From: Sean Christopherson
Date: Thu Jul 21 2022 - 13:59:03 EST


On Thu, Jul 21, 2022, Chao Peng wrote:
> On Thu, Jul 21, 2022 at 03:34:59PM +0800, Wei Wang wrote:
> >
> >
> > On 7/21/22 00:21, Sean Christopherson wrote:
> > Maybe you could tag it with cgs for all the confidential guest support
> > related stuff: e.g. kvm_vm_ioctl_set_cgs_mem()
> >
> > bool is_private = ioctl == KVM_MEMORY_ENCRYPT_REG_REGION;
> > ...
> > kvm_vm_ioctl_set_cgs_mem(, is_private)
>
> If we plan to widely use such abbr. through KVM (e.g. it's well known),
> I'm fine.

I'd prefer to stay away from "confidential guest", and away from any VM-scoped
name for that matter. User-unmappable memmory has use cases beyond hiding guest
state from the host, e.g. userspace could use inaccessible/unmappable memory to
harden itself against unintentional access to guest memory.

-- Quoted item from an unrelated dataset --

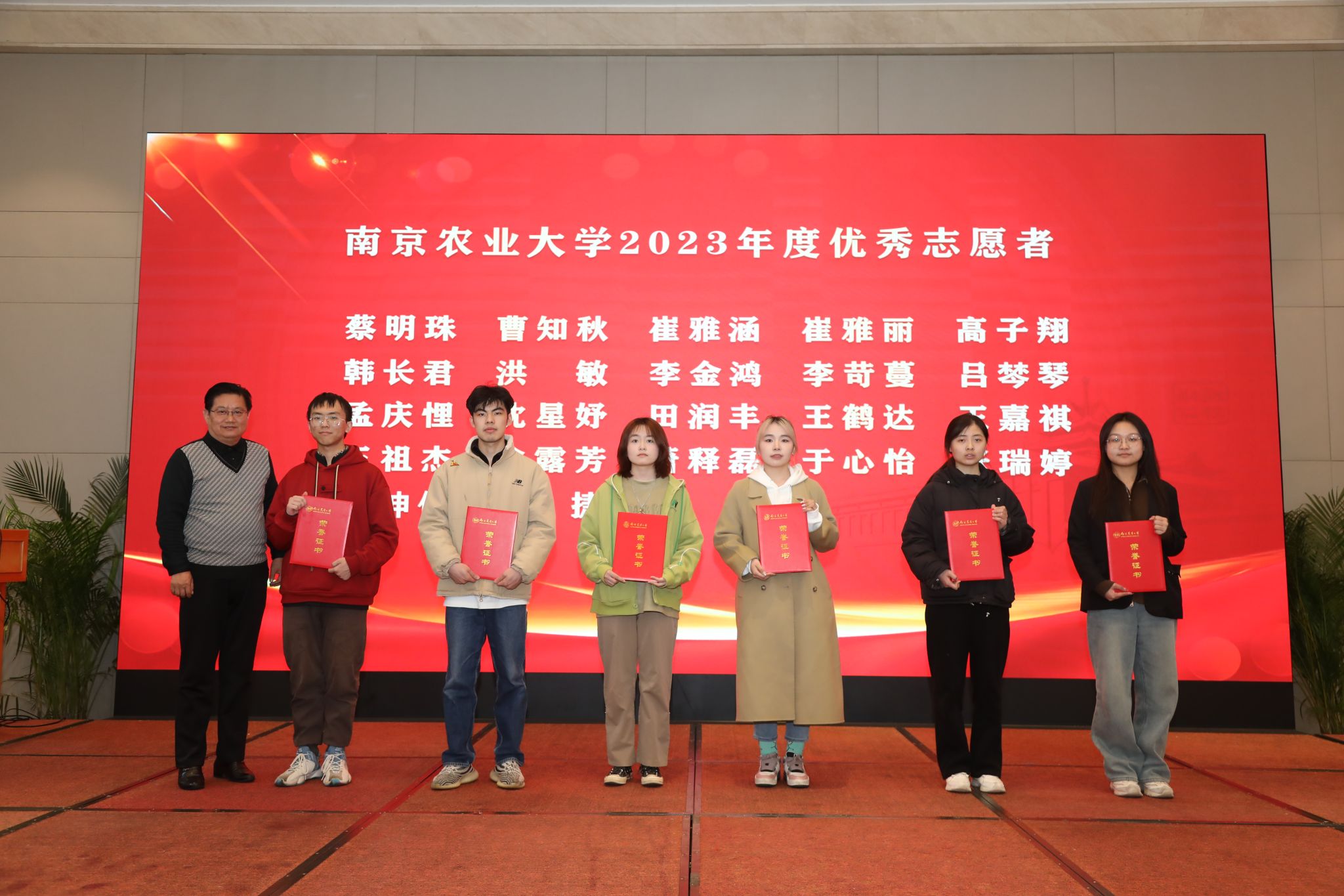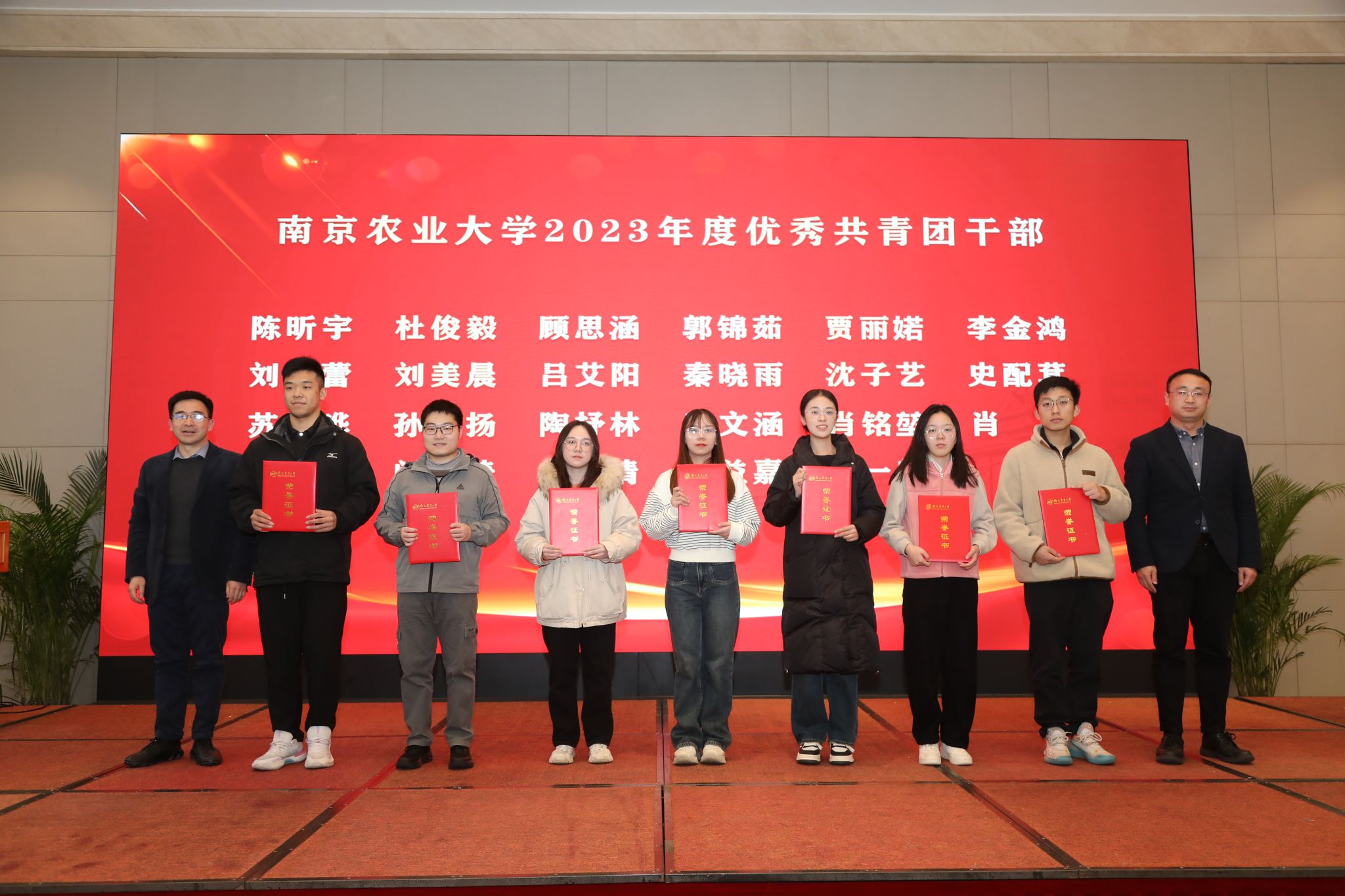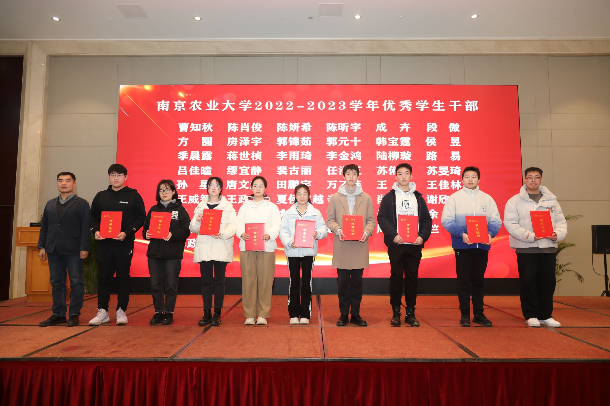 扬州大学党委常委、副校长蒋乃华,院长徐志刚共同为荣获beat365正版唯一官方网站2022-2023学年大北农青年学子校长奖励金、第六届“瑞华杯”beat365正版唯一官方网站最具影响力学生的学院学生颁奖。
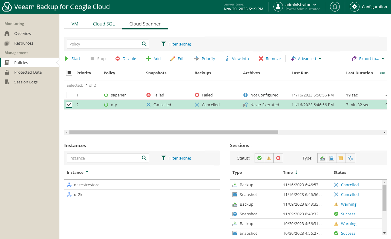 You can start a backup policy manually, for example, if you want to create an additional restore point in the snapshot or backup chain and do not want to modify the configured backup policy schedule. You can also stop a backup policy if processing of an instance is about to take too long, and you do not want the policy to have an impact on the production environment during business hours.

> I actually use mem_attr in patch: https://lkml.org/lkml/2022/7/20/610
> But I also don't quite like it, it's so generic and sounds say nothing.
>
> But I do want a name can cover future usages other than just
> private/shared (pKVM for example may have a third state).

I don't think there can be a third top-level state. Memory is either private to
the guest or it's not. There can be sub-states, e.g. memory could be selectively
shared or encrypted with a different key, in which case we'd need metadata to
track that state.

Though that begs the question of whether or not private_fd is the correct
terminology. E.g. if guest memory is backed by a memfd that can't be mapped by
userspace (currently F_SEAL_INACCESSIBLE), but something else in the kernel plugs
that memory into a device or another VM, then arguably that memory is shared,
especially the multi-VM scenario.

For TDX and SNP "private vs. shared" is likely the correct terminology given the
current specs, but for generic KVM it's probably better to align with whatever
terminology is used for memfd. "inaccessible_fd" and "user_inaccessible_fd" are
a bit odd since the fd itself is accesible.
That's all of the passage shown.